### DATASET
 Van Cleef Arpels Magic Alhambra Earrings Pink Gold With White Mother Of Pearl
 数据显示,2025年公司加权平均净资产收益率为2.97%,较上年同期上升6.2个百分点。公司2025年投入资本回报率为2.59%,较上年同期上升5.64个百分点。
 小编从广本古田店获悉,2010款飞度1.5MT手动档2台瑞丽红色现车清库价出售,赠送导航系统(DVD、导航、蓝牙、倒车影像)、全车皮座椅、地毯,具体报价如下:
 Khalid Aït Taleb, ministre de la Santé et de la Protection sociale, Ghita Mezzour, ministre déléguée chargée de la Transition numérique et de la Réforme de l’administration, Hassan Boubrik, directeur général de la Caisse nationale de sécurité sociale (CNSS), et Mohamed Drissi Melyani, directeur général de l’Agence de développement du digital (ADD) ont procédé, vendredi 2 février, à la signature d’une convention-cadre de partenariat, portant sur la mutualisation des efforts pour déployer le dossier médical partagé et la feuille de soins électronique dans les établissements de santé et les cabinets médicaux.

==

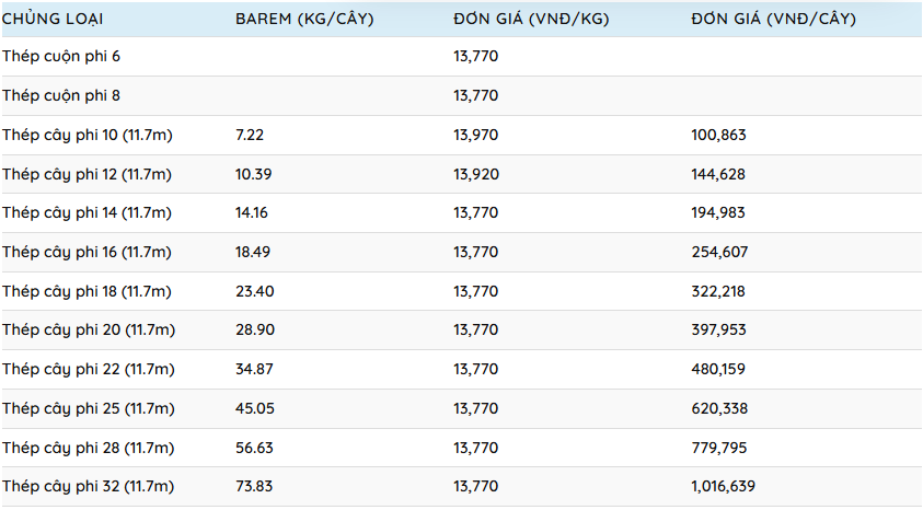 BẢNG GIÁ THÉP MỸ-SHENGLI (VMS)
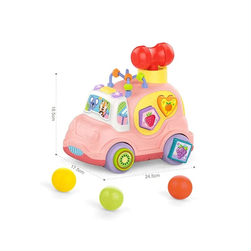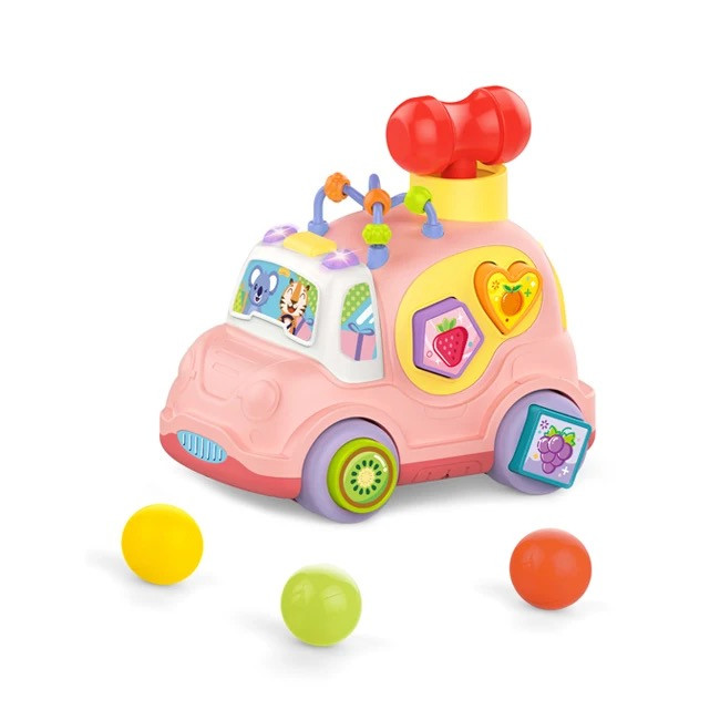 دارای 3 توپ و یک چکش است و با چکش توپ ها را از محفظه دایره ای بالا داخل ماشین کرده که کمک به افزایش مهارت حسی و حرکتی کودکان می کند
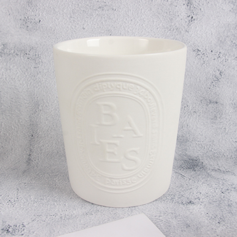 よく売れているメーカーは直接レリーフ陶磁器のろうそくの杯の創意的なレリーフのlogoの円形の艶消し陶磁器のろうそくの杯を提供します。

### TASK GOAL
Look above for the line holding "Van Cleef Arpels", then set down exactly that line and every line after it up to and including the line holding "小编从广本古田店获悉,201", with nothing else.

### TASK RESULT
 Van Cleef Arpels Magic Alhambra Earrings Pink Gold With White Mother Of Pearl
 数据显示,2025年公司加权平均净资产收益率为2.97%,较上年同期上升6.2个百分点。公司2025年投入资本回报率为2.59%,较上年同期上升5.64个百分点。
 小编从广本古田店获悉,2010款飞度1.5MT手动档2台瑞丽红色现车清库价出售,赠送导航系统(DVD、导航、蓝牙、倒车影像)、全车皮座椅、地毯,具体报价如下:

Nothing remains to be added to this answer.